The imagination carries over to the filmmaking as well. There are some truly insane images, as well as some clean, clever direction. Never does the action feel muddy or disorienting, nor does it ever feel like visual shortcuts are being taken. In fact, one fight scene is handled largely in a single take — a take we see solely through its reflection on Peacemaker’s helmet. Another sequence has Harley Quinn, in the balletic way only she can, murdering an entire building full of baddies, but instead of blood splatter we get colorful streams of spring flowers. It’s beautiful, fun, and when you consider Quinn’s mental state, extremely dark. These are far from the only pieces of inspired filmmaking contained within. In fact, even during its most aggressively computer-rendered sequences, The Suicide Squad still feels like part of a filmmaker’s vision rather than some bytes on a studio’s hard drive.
The sweet spot between crass and edgy is positively nailed, and even the bluer material has so much heart that I defy anyone to be put off by the madness.
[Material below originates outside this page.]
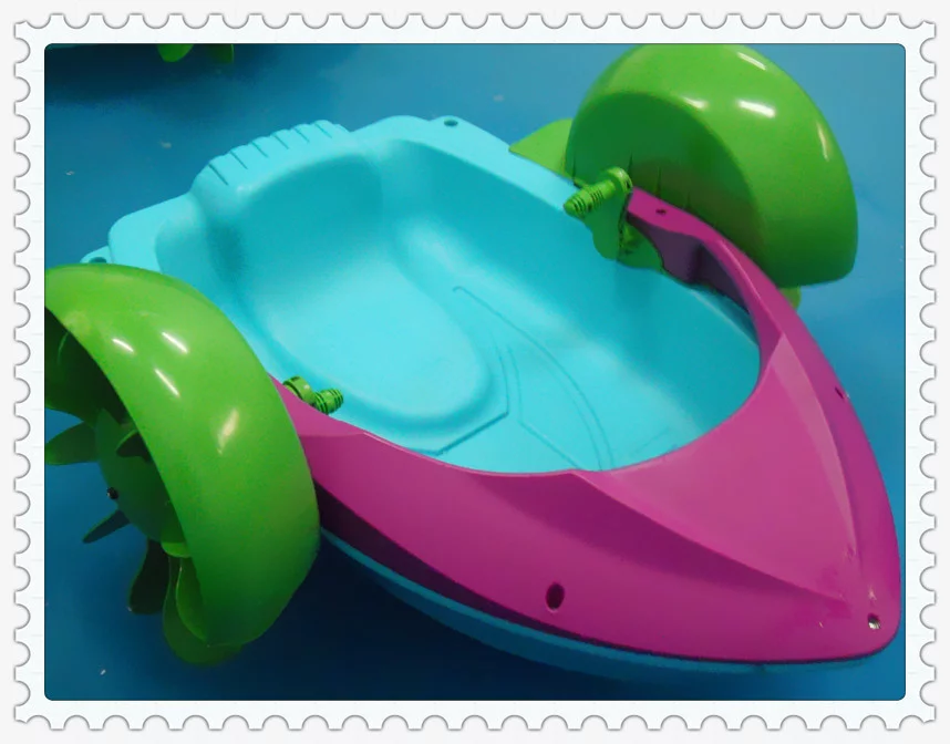 手动漂漂船又称手摇船,属于新型水上动力类游乐产品。适合小朋友乘坐游玩进行水上娱乐活动,既可游乐,又 可健身,增加趣味性,让小朋友体验到游乐船的驾驶乐趣,娱乐时充满新奇与刺激。本产品在水深20CM以上的人工或充气水池内均可使用,装配简单,使用与维护简单、也更结实耐用,新颖的款式造型与更合理的动力结构将为您带来丰厚的收益。本产品船体与船盖均由全新PE料整体吹塑制成,为双层中空结构更加结实耐用也更安全可靠,兼具抗老化,防日晒,防腐蚀,使用寿命长等优点。动力结构部件采用全新PP新料加增韧剂配方,转动更省力部件结构更加结实不易断裂。船身为整体的神州号火箭造型结构,独特的加长型座位来自结构有效防止船体上翘,加宽型的船底更增加了船体的安全性,船盖有传统与前卫两种并配备多360百科种颜色可供选择,整体产品美观大方深受小朋友们喜爱。

It’s a raucous good time, simultaneously mean-spirited and joyous, that never stops being a blast. Not for a second. Beyond that, the characters are compelling and thorough, and thus easy to care about. The action looks good, the imagination is high, and the thematic material lands uncommonly well. In one second I was freaking out at a bloody head explosion, and in the next I was moved by the friendship between a shark-man and a rat whisperer. I’m pretty confident that sentence can’t be said about any other movie at all.
Note: Once again I am blown away by Margot Robbie’s work as Harley Quinn. This, her third outing as the character, drove home a performance choice that I love so much I have to call it out. Her Quinn has such an infectious devil may care attitude that in the rare instances when she shows worry or concern, it really hits hard. This is employed to indicate truly dangerous threats as well as to show charming bits of humanity that remind us Ms. Quinn wasn’t always a lunatic. Well done!
Directed by James Gunn
Written by James Gunn
Starring Idris Elba, Margot Robbie, Joel Kinnaman, Viola Davis
Rated R, Runtime 132 minutes
In theaters and on HBOMax today (but you should see it in the theater if you can do so safely — it’s glorious on a giant screen).